### BRIEF
Transcribe the listing underneath, keeping each word exact and omitting the images.

### DATA EXCERPT
*** Block opens ***

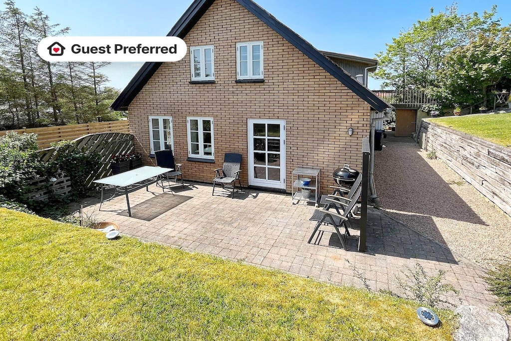 La cucina a pianta aperta è dotata di lavastoviglie, microonde, forno a convezione, piano cottura in vetroceramica e frigorifero/congelatore, e si collega perfettamente alla zona pranzo e al soggiorno. Una TV con canali tedeschi e danesi gratuiti e la connessione Wi-Fi ad alta velocità in fibra ottica garantiscono intrattenimento e connettività. Dalla zona giorno si accede alla terrazza e al giardino, perfetti per cenare o rilassarsi all'aperto.
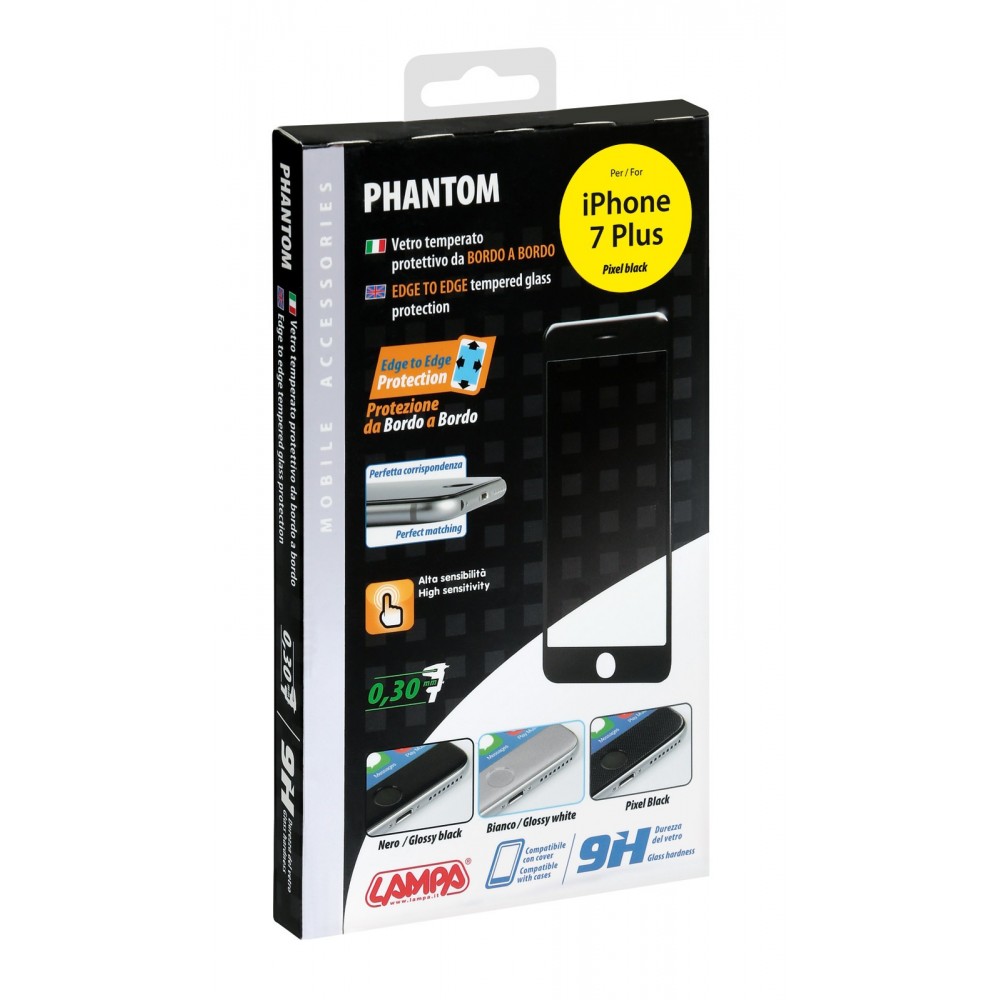 Phantom vetro temperato protettivo da bordo a bordo - Apple iPhone 7 Plus - Pixel Black
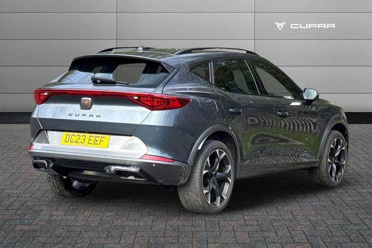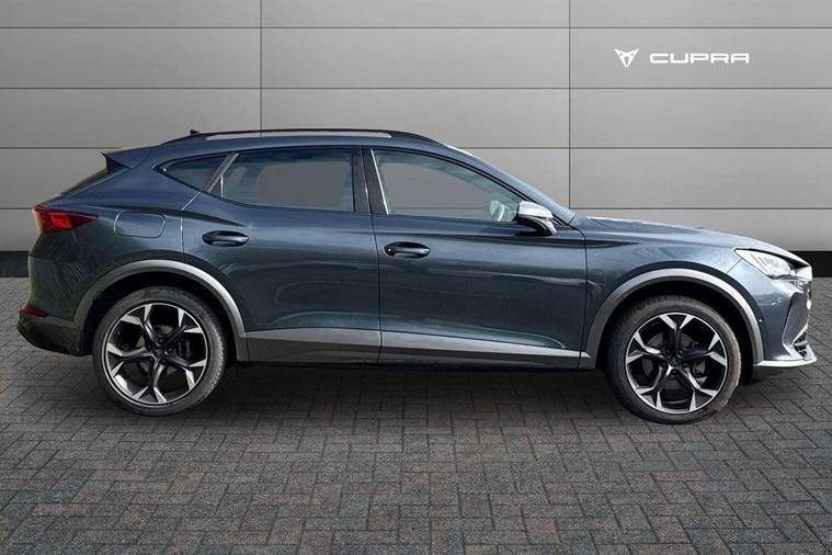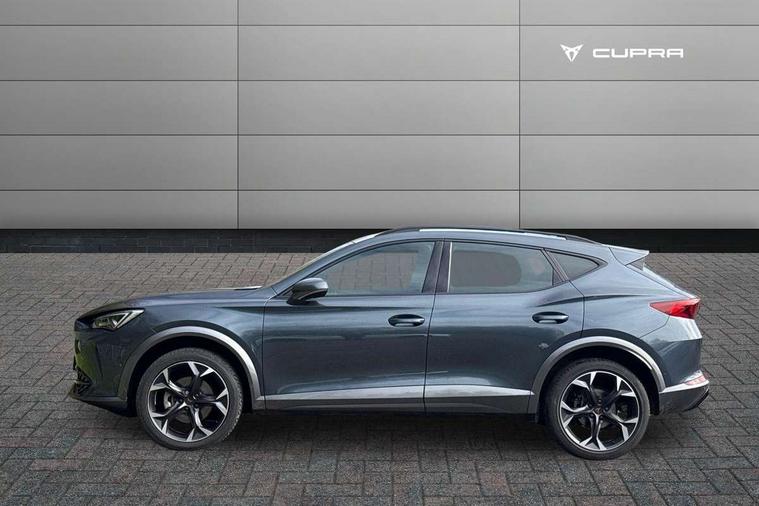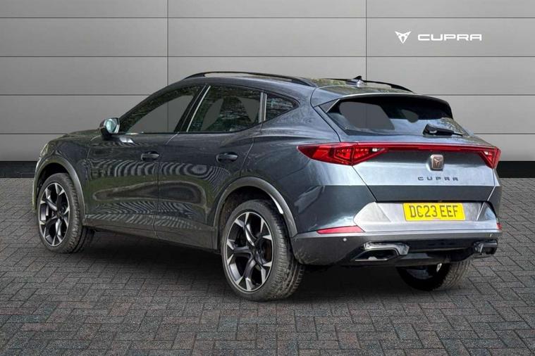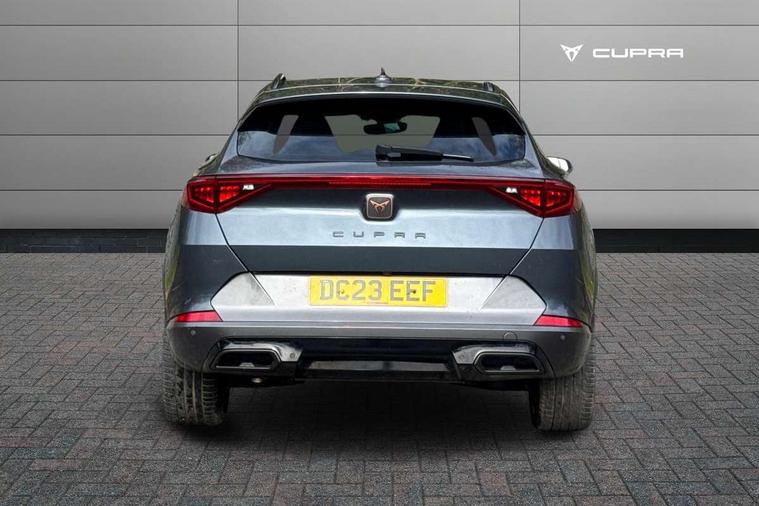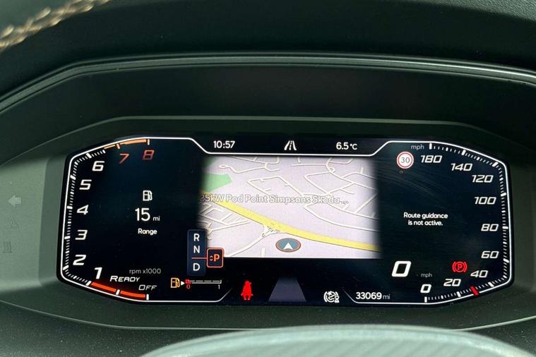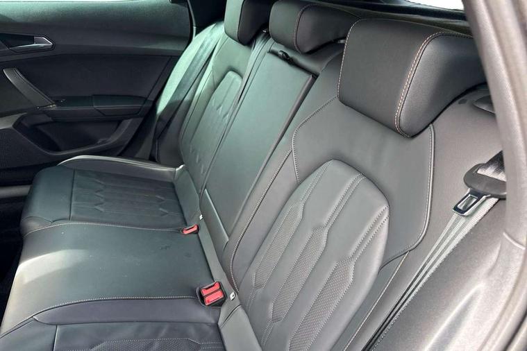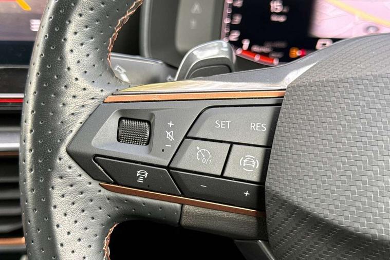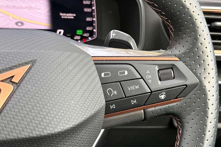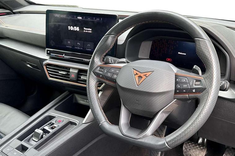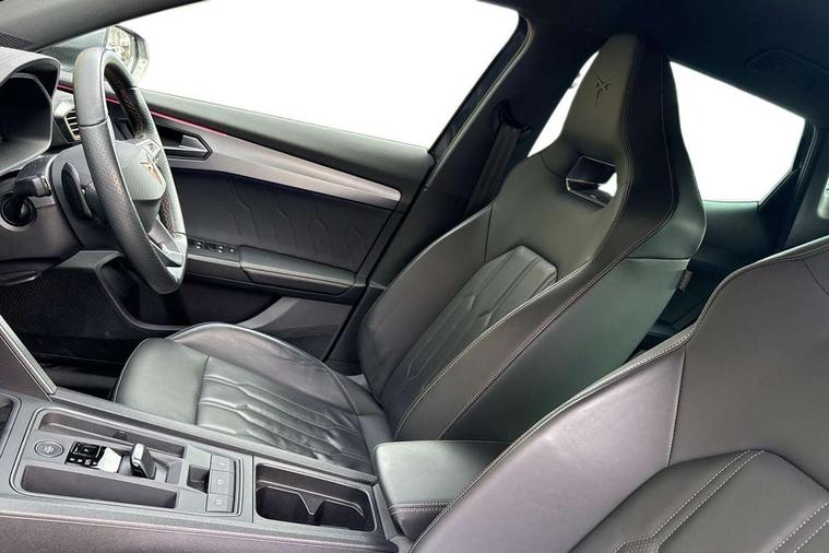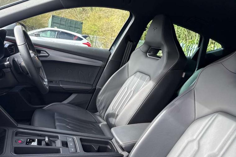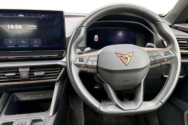 Digital cockpit and configurable dashboard, Driver alert system, Driving profile selection, Forward collision warning with automatic braking, Lane assist, Navigation system with 12'' Touchscreen Display, Park assist (inc front/rear parking sensors), PAS, Predictive adaptive cruise control with speed limiter, Rear view camera, RPM, trip computer, outside temp gauge, instrument light brightness, low fuel warning light, lights on reminder, gearshift indicator, Service interval indicator, Start/stop system with regenerative braking, Voice control system, Wired Android Auto, Wireless apple carplay, Wireless phone charger, Electronic locking differential and dynamic traction support, Standard suspension, 2 front and 2 rear USB type C sockets, Auxiliary input socket, DAB radio, Auto dimming rear view mirror, Body colour door handles, Body coloured bumpers, Dark grey wing mirror, Daytime running light with automatic headlight control and coming home feature, Dynamic headlight range control, Electric front/rear windows, Electrically adjustable heated and folding door mirrors with memory function, Front fog lamps with cornering function, Gloss black roof rails and window surrounds, LED Headlights, LED Taillights with dynamic indicator, Rain sensing wipers, Rear diffuser with black simulated exhaust pipes, Rear side wing doors, Rear wash/wipe, Third brake light, Tinted rear windows, Welcome lights, 12v power supply in centre console, 12V socket, 12v socket in loadspace, 2 front and 2 rear reading lights, 230V socket, 3 seat bench in 2nd row, 60/40 split rear bench seat with armrest and mechanical seat release, Black headlining, Dust/pollen filter, Front and rear head restraints, Front centre armrest, Height/reach adjust steering wheel, Illuminated interior front door sills, Illuminated sunvisor with mirror, Isofix, Leather multi function heated steering wheel with gear shift paddles, Luggage tie-down hooks, Single front passenger seat, Three zone climate control with control panel in rear, Variable luggage/load compartment floor, Wraparound lighting, Genuine Nappa leather Pack - Cupra, 3 point seatbelts on all rear seats, ABS, Brake control system - ESC and brake booster, Child proof door locks, Driver and front passenger airbags with front passenger airbag de-activation, Electronic parking brake, Front and rear disc brakes, Front side curtain airbags, Hill hold control, Public e-call, Seat belt reminder for front and rear seats, Tyre pressure monitoring system, Anti theft alarm system, Keyless entry and start system (KESSY), Locking wheel bolts, Copper and aluminium interior detailing, 19" 'Exclusive' machined sport matte black and silver alloy wheels,

*** Block closes ***

### OUTPUT OF THE EXERCISE
 La cucina a pianta aperta è dotata di lavastoviglie, microonde, forno a convezione, piano cottura in vetroceramica e frigorifero/congelatore, e si collega perfettamente alla zona pranzo e al soggiorno. Una TV con canali tedeschi e danesi gratuiti e la connessione Wi-Fi ad alta velocità in fibra ottica garantiscono intrattenimento e connettività. Dalla zona giorno si accede alla terrazza e al giardino, perfetti per cenare o rilassarsi all'aperto.
 Phantom vetro temperato protettivo da bordo a bordo - Apple iPhone 7 Plus - Pixel Black
 Digital cockpit and configurable dashboard, Driver alert system, Driving profile selection, Forward collision warning with automatic braking, Lane assist, Navigation system with 12'' Touchscreen Display, Park assist (inc front/rear parking sensors), PAS, Predictive adaptive cruise control with speed limiter, Rear view camera, RPM, trip computer, outside temp gauge, instrument light brightness, low fuel warning light, lights on reminder, gearshift indicator, Service interval indicator, Start/stop system with regenerative braking, Voice control system, Wired Android Auto, Wireless apple carplay, Wireless phone charger, Electronic locking differential and dynamic traction support, Standard suspension, 2 front and 2 rear USB type C sockets, Auxiliary input socket, DAB radio, Auto dimming rear view mirror, Body colour door handles, Body coloured bumpers, Dark grey wing mirror, Daytime running light with automatic headlight control and coming home feature, Dynamic headlight range control, Electric front/rear windows, Electrically adjustable heated and folding door mirrors with memory function, Front fog lamps with cornering function, Gloss black roof rails and window surrounds, LED Headlights, LED Taillights with dynamic indicator, Rain sensing wipers, Rear diffuser with black simulated exhaust pipes, Rear side wing doors, Rear wash/wipe, Third brake light, Tinted rear windows, Welcome lights, 12v power supply in centre console, 12V socket, 12v socket in loadspace, 2 front and 2 rear reading lights, 230V socket, 3 seat bench in 2nd row, 60/40 split rear bench seat with armrest and mechanical seat release, Black headlining, Dust/pollen filter, Front and rear head restraints, Front centre armrest, Height/reach adjust steering wheel, Illuminated interior front door sills, Illuminated sunvisor with mirror, Isofix, Leather multi function heated steering wheel with gear shift paddles, Luggage tie-down hooks, Single front passenger seat, Three zone climate control with control panel in rear, Variable luggage/load compartment floor, Wraparound lighting, Genuine Nappa leather Pack - Cupra, 3 point seatbelts on all rear seats, ABS, Brake control system - ESC and brake booster, Child proof door locks, Driver and front passenger airbags with front passenger airbag de-activation, Electronic parking brake, Front and rear disc brakes, Front side curtain airbags, Hill hold control, Public e-call, Seat belt reminder for front and rear seats, Tyre pressure monitoring system, Anti theft alarm system, Keyless entry and start system (KESSY), Locking wheel bolts, Copper and aluminium interior detailing, 19" 'Exclusive' machined sport matte black and silver alloy wheels,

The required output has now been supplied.